● **What you will do**: Leave out the pictures, and print exactly the lines from the one holding "This Excel template" through the last line of the material.

● **Source material**:
=====
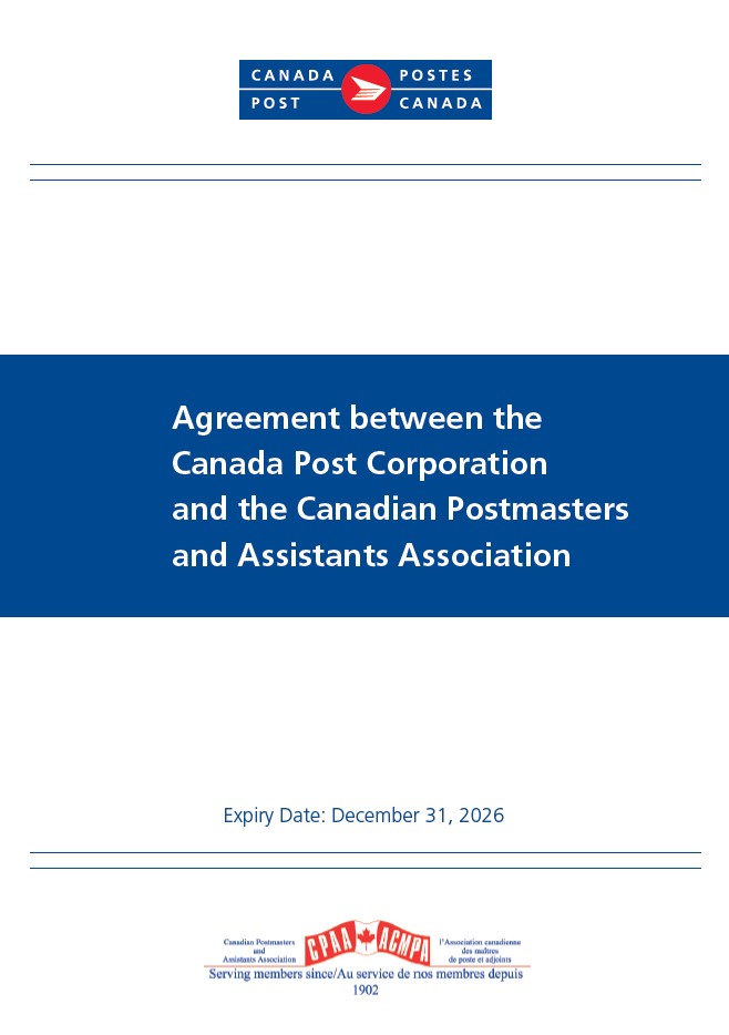 If you are a member of the Canadian Postmasters and Assistants Association, this legally binding document covers everything about your working conditions, your wages, your benefits, etc.
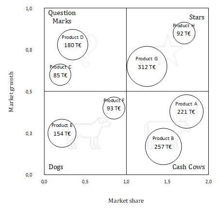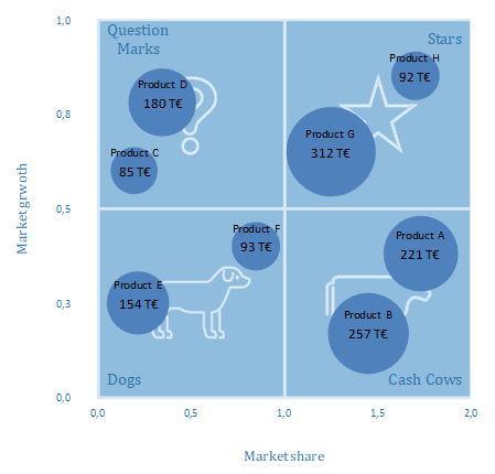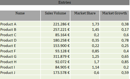 This Excel template enables you to create a portfolio matrix after the pattern of the Boston Consulting Group (also four fields matrix, growth-share matrix or BCG matrix). In a coordinate system of relative market share and market growth the products to be analyzed are displayed as circles, where the circular areas are proportional to sales.
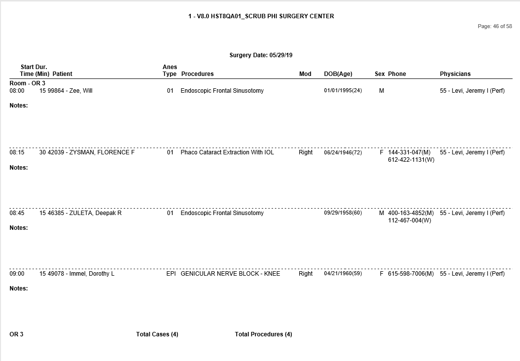 Tracks visit Appointments  within the specified schedule date range. Visit appointments are associated with appointment types defined in Appointment Type Configuration to require a patient visit (appointment type SRGY is the default). Includes Appointment Notes. A new page will print for each date of service selected; This report can be generated so each room is started on a new page – see Group option below.
=====
● **Output of the exercise**:
 This Excel template enables you to create a portfolio matrix after the pattern of the Boston Consulting Group (also four fields matrix, growth-share matrix or BCG matrix). In a coordinate system of relative market share and market growth the products to be analyzed are displayed as circles, where the circular areas are proportional to sales.
 Tracks visit Appointments  within the specified schedule date range. Visit appointments are associated with appointment types defined in Appointment Type Configuration to require a patient visit (appointment type SRGY is the default). Includes Appointment Notes. A new page will print for each date of service selected; This report can be generated so each room is started on a new page – see Group option below.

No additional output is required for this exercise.